Abstract

Only 26% of people with diabetes in the US use insulin, even though 44% have A1c levels over 7%. Cost may be a barrier to insulin use, and, thus biosimilar insulin (BI) offers potential savings. A regulatory pathway for biosimilar drugs was created in 2010, and several preparations are in development. This study’s purpose was to assess the openness of diabetes patients and certified diabetes educators (CDEs) to BI. In mid-2011 we surveyed a panel of subscribers to a diabetes patient newsletter (diaTribe) and a panel of US CDEs about their willingness to use or recommend BI, respectively. A total of 1,637 insulin users (65% type 1, median age 49 yrs, 62% female, median household income $25,000-$49,999, 67% bachelor’s degree or higher, 81% private health insurance) and 415 educators (52% outpatient hospital setting, 28% private office, mean 21 patients per week) responded to the survey.

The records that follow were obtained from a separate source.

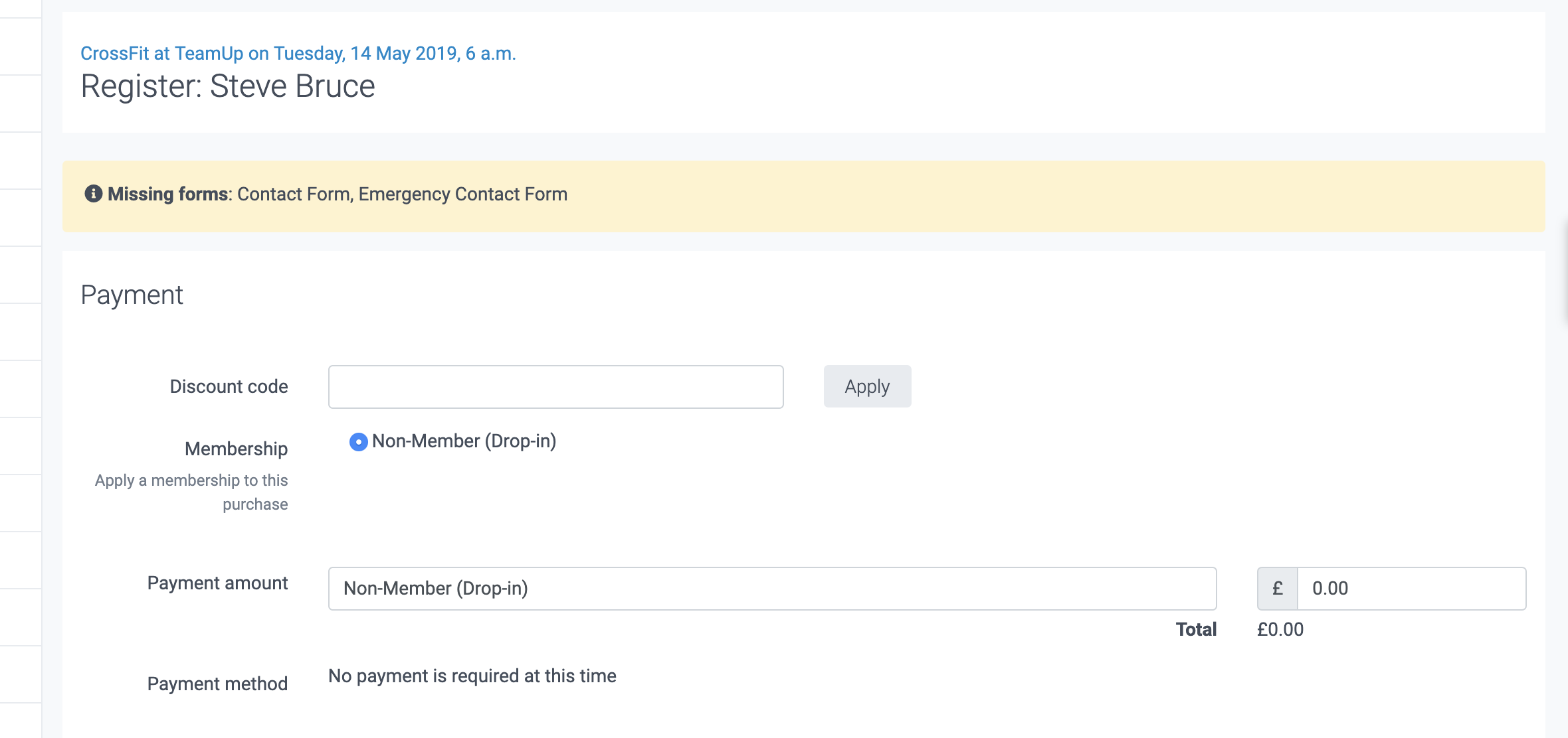 Pay drop-in fee. If the customer needs to pay a drop-in fee, click this option. You will be redirected to a complete registration page where you will have the option to specify a drop in fee and enter a discount code if applicable.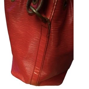 Louis Vuitton vintage Petit Noe shoulder bag in red. Condition is preowned in good condition. This medium size bag was made in France 1930 -89. Exterior material is red Epi leather with Interior lining black suede leather with gold tone hardware and drawstring closure Dimensions approximated are W 9.8 x D7.5 inch x H 10.4" (inch) W 25 x H 26.5 x D 19 ( cm) with Shoulder drop of (inch/cm) 9.1 - 11.8" / 23 -30 cm tem specifics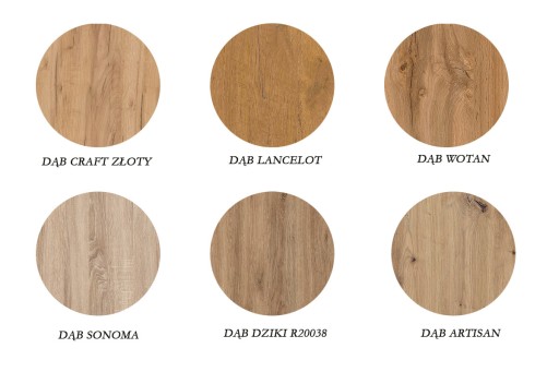 Dostępna kolorystyka blatu: Dąb Craft Złoty | Dąb Sonoma | Dąb Artisan | Dąb Dziki | Dąb Lancelot | Dąb Wotan | Dąb Hikora Naturalna | Dąb Halifax Naturalny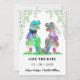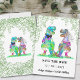 Alegre-se com este engraçado dinossauro temido casamento T Rex noiva e noiva com folhagem de floresta. Fácil de personalizar com os nomes da noiva e do noivo e a data do casamento. Colorida coloração d'água T Rex noiva e ilustrações nobres com tipografia moderna. Arte original única da artista Catherine Sweetman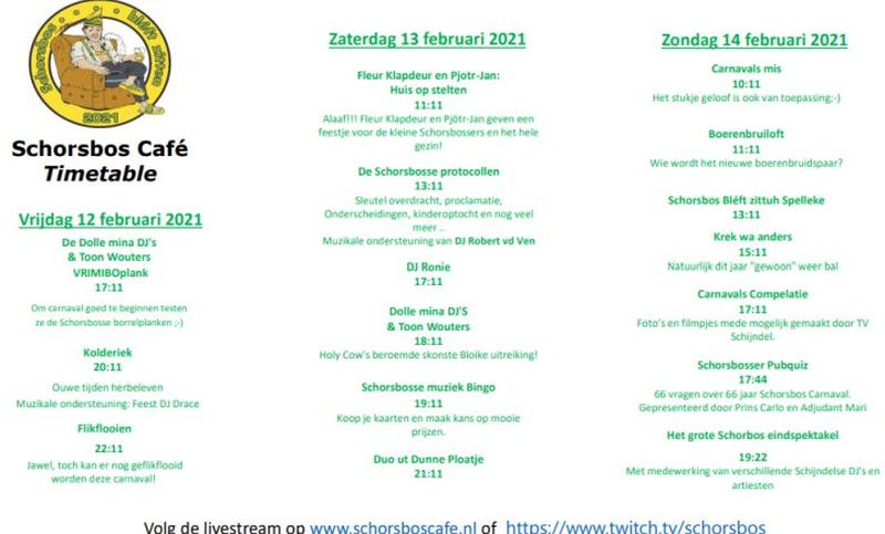Schorsbos - Dit jaar gaan we carnaval anders vieren. Helaas niet live, maar wel via een livestream, zodat je carnaval toch een beetje kunt beleven. Deze livestream gaat van start tussen vrijdag 12 februari 20.11 uur en eindigt op zondag 14 februari om 23.11 uur. Je kunt deze live volgen op TVSchijndel via deze speciale livestreampagina!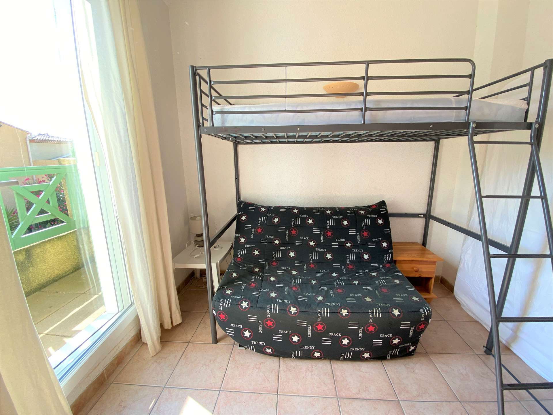 Upstairs 1 bedroom with 1 mezzanine bed 90 and convertible sofa 140 and small balcony and a second bedroom with bed/140, bathroom with WC.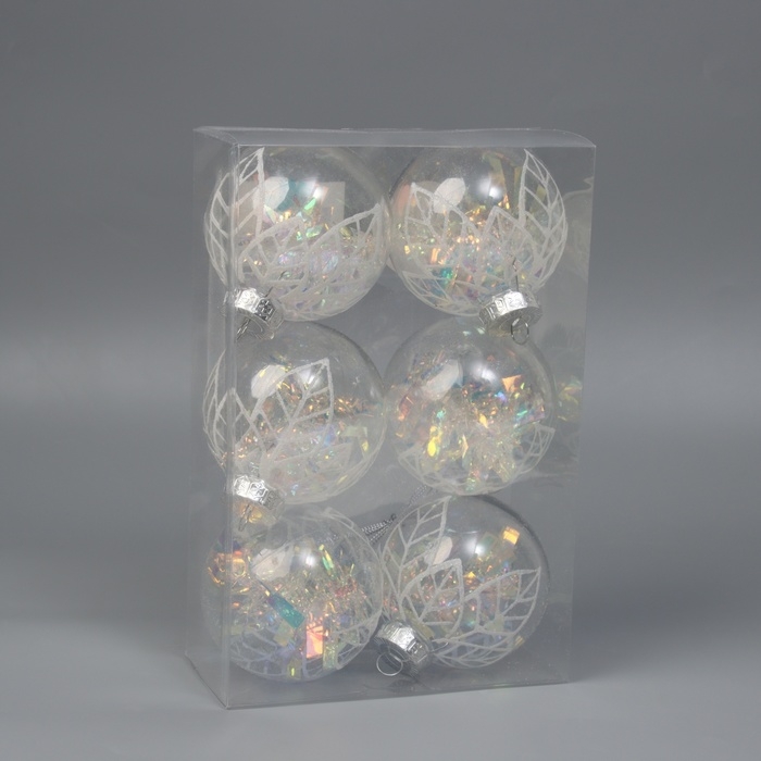 Набор шаров пластик d-8 см, 6 шт "Прозрачный лист"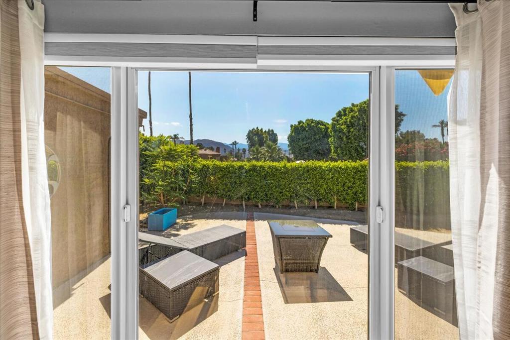 Price Improvement!!!!Tucked away on a quiet cul-de-sac in the gated community of Hidden Palms, this fully renovated 3-bedroom 2-bath home offers privacy and unbeatable location-just blocks from El Paseo, the ''Madison Ave'' of Palm Desert.The chef's kitchen includes new Bosch Cafe' Series appliances, black and white slab granite and a custom island with bar stools. Both bathrooms are completely redone. The living room features a brick gas fireplace, ceramic logs and stunning mountain views.Enjoy the secluded, west-facing garden with mature hedges, outdoor shower room and steps away from the community pool. Hidden Palms also offers tennis and pickelball courts, walking paths and lush landscaping with ponds and fountains. Furniture is negotiable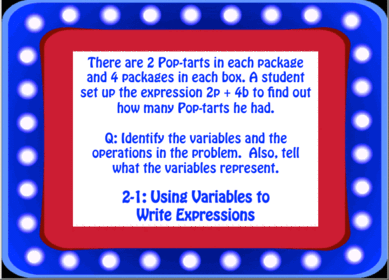 | Answer: Variables = p, b Operations = multiplication & addition p = packages b = boxes 250 points | |

Both surveys specified that BI would be priced favorably relative to current insulins; patients were to assume healthcare provider approval. Most patients said they would “definitely” (30%) or “likely” (37%) use BI, while only 17% said “unlikely” or “definitely not.” Answers of “definitely” were more common among patients currently using NPH (46%, n=26) or premixed insulin (41%, n=36) than rapid-acting analogs (28%, n=341); “definitely” answers were also more common among those with type 2 diabetes (38%, n=213) than adults (29%, n=256) or children (13%, n=26) with type 1 diabetes. Most CDEs said they would “definitely” (41%) or “likely” (42%) recommend BI, with only 5% saying “unlikely” or “definitely not.” In open-ended follow-up questions, vast majorities of both groups stressed that BI must be identical to current insulin in safety, efficacy, action profile, and/or quality. Thus the study’s results are contingent on these factors. We conclude there is significant interest in the future use of BI among patients and CDEs that could result in major transformation in insulin usage in the US.